Ce « oui et non » veut simplement mettre en avant la nécessité d’autres politiques que la promotion de la mixité sociale : « Donner aux écoles en discrimination positive des moyens suffisants pour donner à tous l’envie de les fréquenter » [7]… et chercher donc ce que sont ces moyens suffisants. Selon Philippe MEIRIEU [8], la mixité « exigerait la fondation d’une “école commune”, une véritable “politique d’éducation prioritaire” (…), un véritable accompagnement, des locaux adaptés pour aider vraiment les écoles situées dans les quartiers pauvres et une vraie politique de la ville permettant de repenser en même temps la question de l’habitat, du tissu social et économique de proximité, des transports. Plus notre ambition nous amène à vouloir faire réussir les élèves les plus fragiles, plus cela demande d’efforts et coute cher. (…) On veut bien à la rigueur payer pour que “les pauvres” fassent des études, mais à condition que cela ne coute pas plus cher (et si possible moins) que les études des “riches”. Et nous continuons à arroser là où c’est mouillé. »

notes:

[1Ph. MEIRIEU, Cesser d’arroser là où c’est mouillé, Le café pédagogique, déc. 2010.

[2Voir J. BERNARDIN, De la maison à l’école, Cahiers pédagogiques n° 486, jan. 2011

[3C. PASSERIEUX, Réussir dès l’école maternelle, Échec à l’Échec n° 160, mars 2003.

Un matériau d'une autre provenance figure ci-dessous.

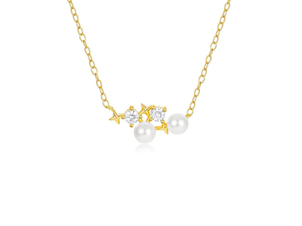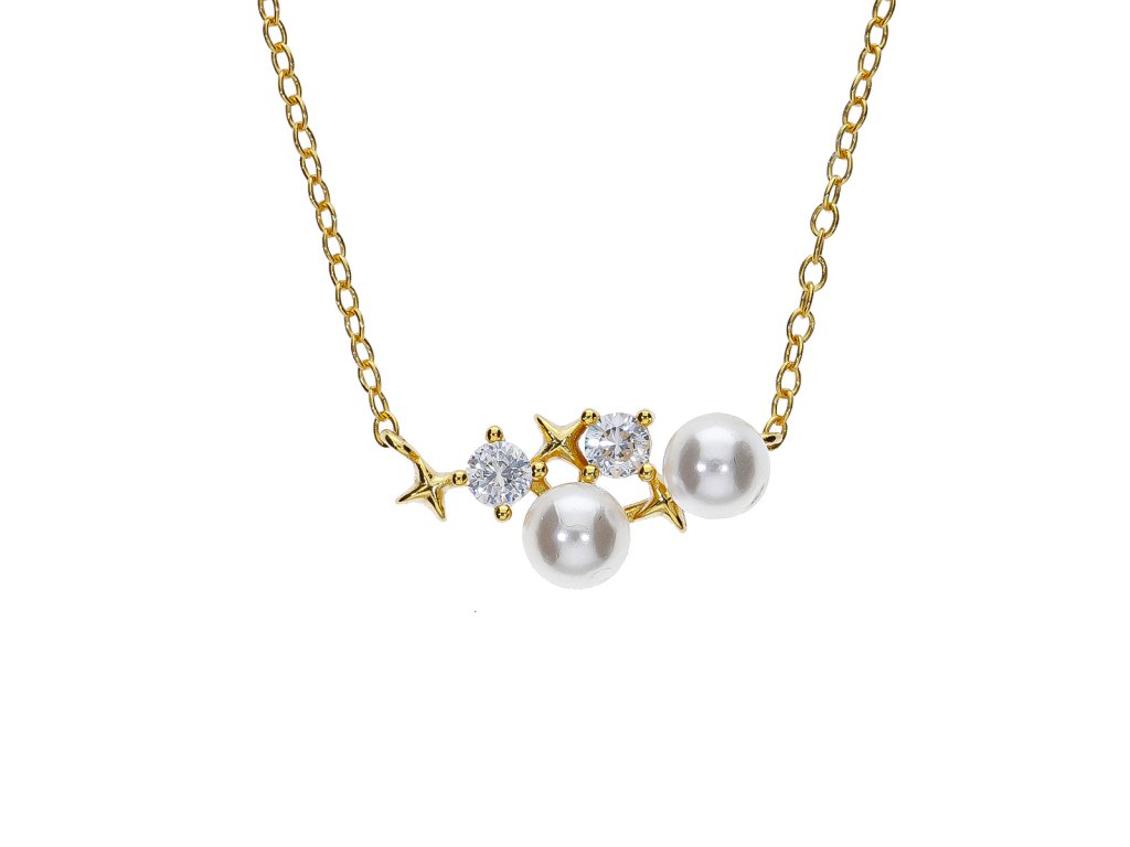 Tento půvabný zlacený náhrdelník ze stříbra 925/1000 spojuje romantický motiv hvězdiček, třpytivých zirkonů a jemných syntetických perel. Kompozice ozdoby působí lehce a harmonicky, jako malé souhvězdí doplněné měsíčním leskem perel.
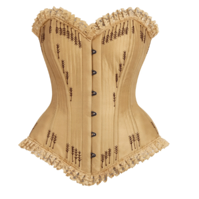 - Style: Ornate Gold Overbust Corset with Flossing, designed to unleash your wild side and add glamour to any outfit.
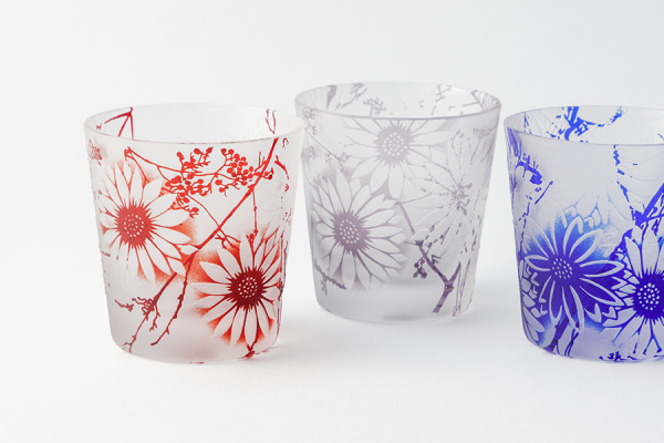 サンドブラストとは、硬くて細かい砂(金剛砂など)を高圧で吹き付けガラスなど素材の表面を削り取ることでデザインを表現する技法。もとは工業用の錆落としとして1870年アメリカで開発され、当時はショットブラストと呼ばれ、20世紀に入って美術工芸用として改良されたのがサンドブラストです。日本には明治末頃に入ってきました。
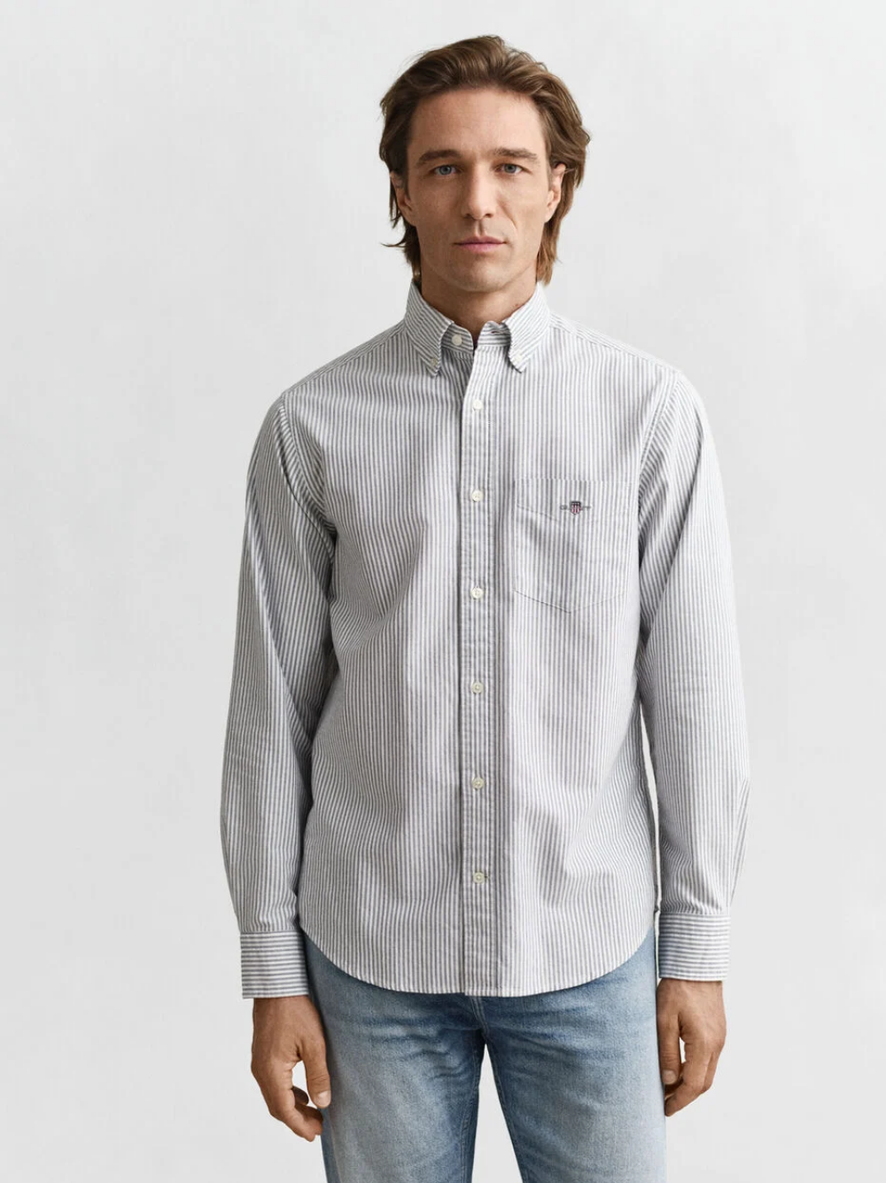 Versatile, foundational and smart-casual appropriate, the Classic Oxford Shirt features our iconic Archive Shield embroidery. Crafted from durable cotton with an all-over banker striped pattern, this design is cut for a regular fit and features a button-down collar, a curved hem, adjustable cuffs and a box pleat with our signature locker loop at the back.

[4Expression du Cresas citée par J.Y. ROCHEX, Le devenir de la politique d’éducation prioritaire, excellence pour les uns, renoncement et mesures sécuritaires pour les autres ?, Agence Éducation Formation, oct. 2010.

[5Autre chose que les saupoudrages et l’investissement ridicule (même pas 1 % du budget enseignement) de la Communauté française.

[6V. DE GAULEJAC, Les sources de la honte, Desclée de Brouwer, 1996.

[7P. CHARDOME, président de la CGSP enseignement, le Soir du 15 mars 2011.

[8Ph. MEIRIEU, Cesser d’arroser là où c’est mouillé, Le café pédagogique, déc. 2010.